The [AlexNet](https://papers.nips.cc/paper/4824-imagenet-classification-with-deep-convolutional-neural-networks)
 architecture played a pivotal role in
establishing Deep Neural Nets as a go-to tool for image classification
problems and we will use an ImageNet pre-trained AlexNet model to
extract features in this assignment.


#### Part (a) - 5 pt

Here is the code to load the AlexNet network, with pretrained weights.
When you first run the code, PyTorch will download the pretrained weights
from the internet.

```python
import torchvision.models
alexnet = torchvision.models.alexnet(pretrained=True)
```

The `alexnet` model is split up into two components: `alexnet.features` and 
`alexnet.classifier`.  The first neural network component, `alexnet.features`,
is used to compute convolutional features, which are taken as input in `alexnet.classifier`.

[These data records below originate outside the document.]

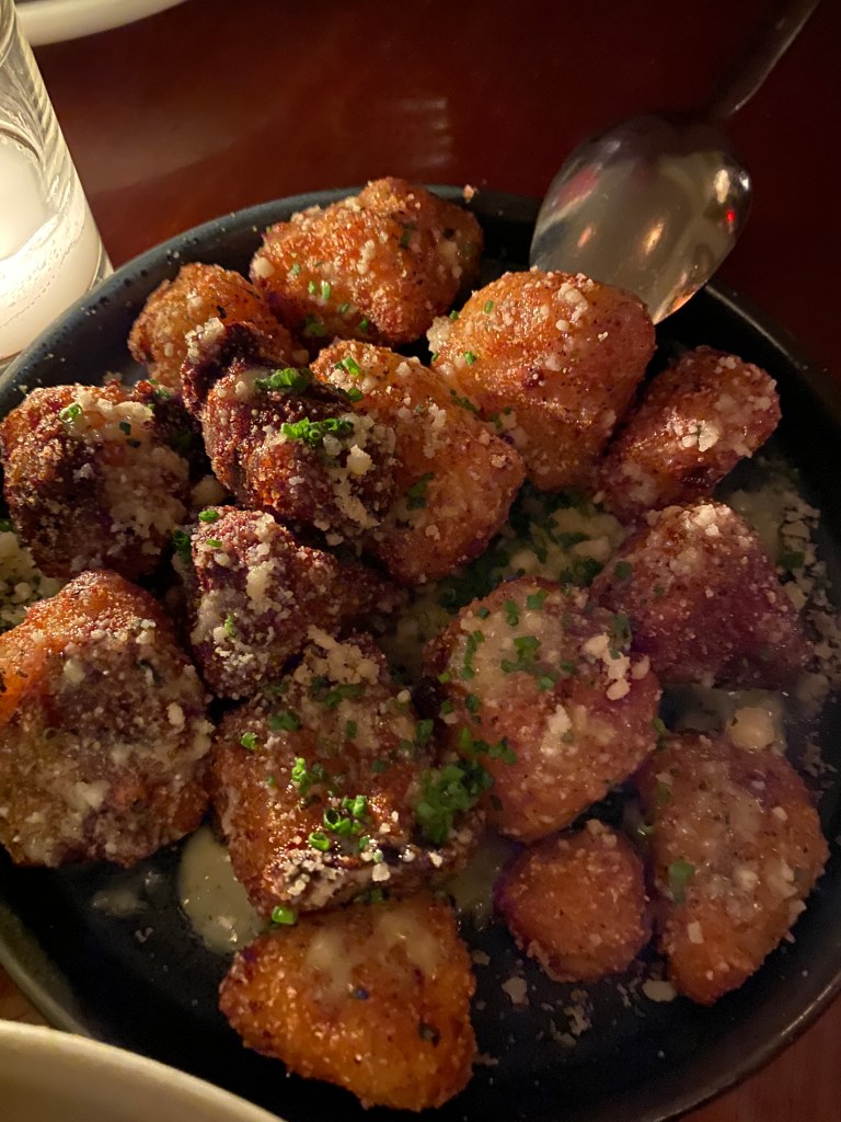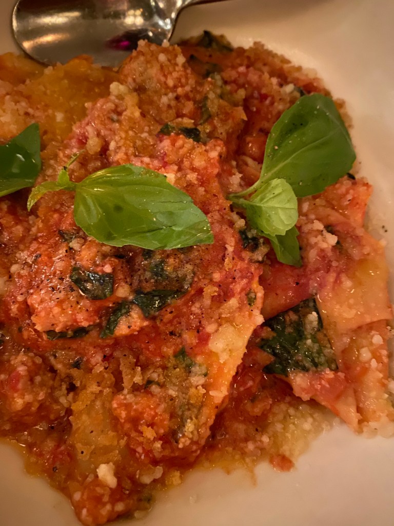 After witnessing the sunset, we made our way to 103 Greenwich street for a much anticipated dinner at Michelin starred Don Angie. Celebrated again and again as one of NY’s best Italian restaurants, we had to work hard to secure a Friday night 7pm reservation. The restaurant was warm and welcoming, and was buzzing with positive energy. The crowd was young and pretty casual. Don Angie is known for their Lasagna for two, but alas, we will have to wait for another visit to try it. The menu is eclectic, and a little off-beat if you go there expecting “traditional” Italian fare, but everything was exceedingly tasty and satisfying. The Gnocchi in particular were ethereal, and the Chrysanthemum salad was delicately dressed while smothered in Parmigiano Cheese – super satisfying. The Japanese potatoes were more like the best imaginable tater tots. Don Angie is worth the hype, and I would like to return with a larger group so that we could try more things.
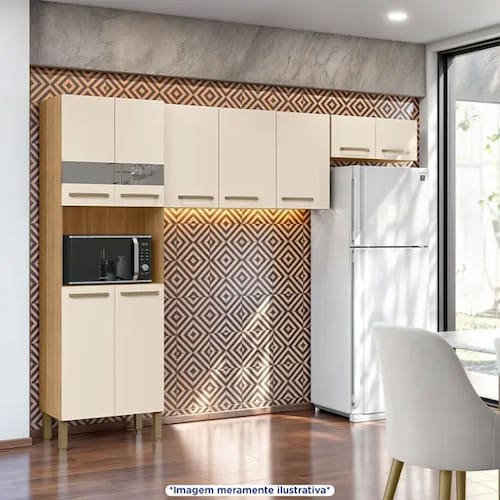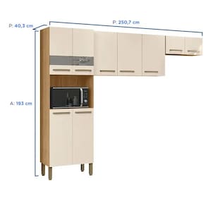Características: Marca: Kits Paraná Modelo: Versalhes Tipo: Cozinha compacta Quantidade de portas: 9 portas Tipo de dobradiças: Metálicas Material da estrutura: MDP Material dos puxadores: Plástico Nichos: 1 Pés reguladores: Sim Acabamento: Pintura UV
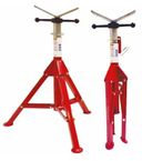 Also commonly known as folding leg pipe stands, adjustable stands are designed for pipes, tubes or cylindrical workpieces that combine strength with portability. The 'adjustable' nature refers to legs or base components that collapse, often via hinges or quick-release pins, so the stand can be transported or stored more easily without taking up much space. These stands often feature V-heads, adjustable height mechanisms, locking pins or washers, and sometimes rollers or wheel heads for alignment or rotation.

The neural network `alexnet.features` expects an image tensor of shape
Nx3x224x224 as input and it will output a tensor of shape Nx256x6x6 . (N = batch size).

Compute the AlexNet features for each of your training, validation, and test data.
Here is an example code snippet showing how you can compute the AlexNet
features for some images (your actual code might be different):

```python
# img = ... a PyTorch tensor with shape [N,3,224,224] containing hand images ...
features = alexnet.features(img)
```

**Save the computed features**. You will be using these features as input to your
neural network in Part (b), and you do *not* want to re-compute the features
every time. Instead, run `alexnet.features` once for each image, and save the
result.


#### Part (b) - 3 pt

Build a convolutional neural network model that takes **as input** these AlexNet features,
and makes a prediction. Your model should be a subclass of `nn.Module`.

Explain your choice of neural network architecture: how many layers did you choose?
What types of layers did you use: fully-connected or convolutional? What about other
decisions like pooling layers, activation functions, number of channels / hidden units
in each layer?

Here is an example of how your model may be called:

```python
# features = ... load precomputed alexnet.features(img) ...
output = model(features)
prob = F.softmax(output)
```

#### Part (c) - 5 pt

Train your new network, including any hyperparameter tuning.
Plot and submit the training curve of your best model only.

**Note**: Depending on how you are caching (saving) your AlexNet features,
PyTorch might still be tracking updates to the **AlexNet weights**, which we are not tuning.
One workaround is to convert your AlexNet feature tensor into a numpy array, and then back into a PyTorch tensor.

```python
tensor = torch.from_numpy(tensor.detach().numpy())
```

#### Part (d) - 2 pt

Report the test accuracy of your best model.
How does the test accuracy compare to part 4(d)?